Following two consecutive revisions to the US crops and planting prospects for 2011, FAO’s latest forecast for world cereal production in 2011/2012 stands at nearly 2 313 million tonnes, 3.3 percent higher than last year and 11 million tonnes above FAO’s last forecast on 22 June. World cereal utilization in 2011/2012 is forecast to grow 1.4 percent from 2010/2011, reaching 2 307 million tonnes, just five million tonnes under forecast production. World cereal stocks at the close of the crop season in 2012 are now expected to stand  six million tonnes above their opening levels.  While wheat and rice inventories are expected to become more comfortable, coarse grains stocks, especially maize, would remain tight.

The FAO Food Price Index (FFPI) averaged 234 points in June 2011, 1 percent higher than in May and 39 percent higher than in June 2010. The FFPI hit its all time high of 238 points in February. A strong rise in international sugar prices was behind much of the increase in the June value of the index. International dairy prices rose slightly in June, while meat prices were stable. Of all the major cereals, prices of wheat fell most and rice increased. Among the oils and fats, prices of soybean oil were steady but palm oil weakened.
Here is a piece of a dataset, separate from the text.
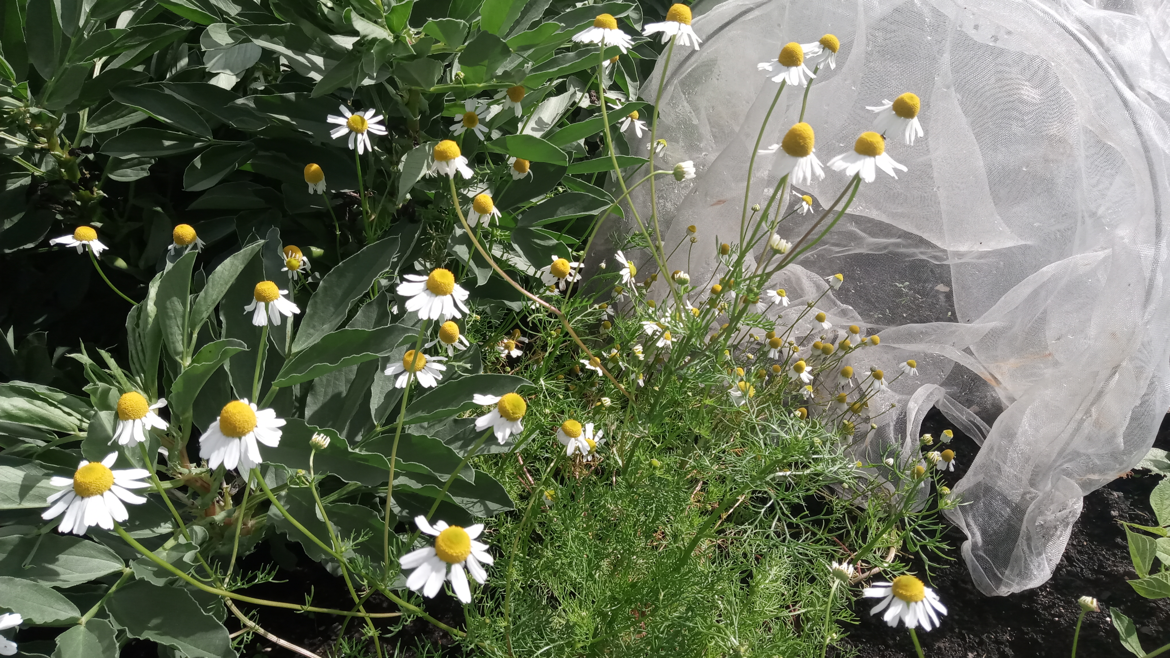 Home-made chamomile tea is a favourite drink of mine, so it’s good to have two big clumps of plants on the go. One survived over winter from last year, while the other, a wild chamomile, started out as seeds in the propagator a few months back, was planted out just a few weeks ago and has thrived ever since.

[Detailed data available from FAO here.]

The FAO Cereal Price Index averaged 259 points in June, down 1 percent from May but 71 percent higher than in June 2010. Improved weather conditions in Europe and the announced lifting of the export ban by the Russian Federation (from July) depressed wheat prices. However, maize markets were supported by tight old crop (2010) supplies and continued wet conditions in the United States. Prices of rice were mostly up in June, reflecting strong import demand and uncertainty over export prices in Thailand, the world largest rice exporter.

The FAO Oils/Fats Price Index averaged 257 points in June, down marginally from May. Continued production uncertainties and expectation of stronger world import demand sustained soybean oil prices. By contrast, palm oil prices eased further, reflecting improved supply prospects and ample export availabilities in Southeast Asia. The FAO Dairy Price Index averaged 232 points in June, virtually unchanged from 231 points in May. This was the result of diverging price movements, with prices of skim milk powder and casein up by 5 percent, whole milk powder down by 3 percent, while prices of butter and cheese remained stable.

The FAO Meat Price Index averaged 180 points, marginally up from May. Poultry meat prices experienced a 3 percent rise, breaking a new record, while pig meat prices declined somewhat. Prices of bovine and ovine meat were subject to modest increases, from already high levels. The FAO Sugar Price Index averaged 359 points in June, up 14 percent from May and only 15 percent below its January record. The price strength reflects  dynamic short-term demand against tight exportable availabilities, notably in Brazil, the world’s largest sugar producer where production is forecast to fall below last year’s level.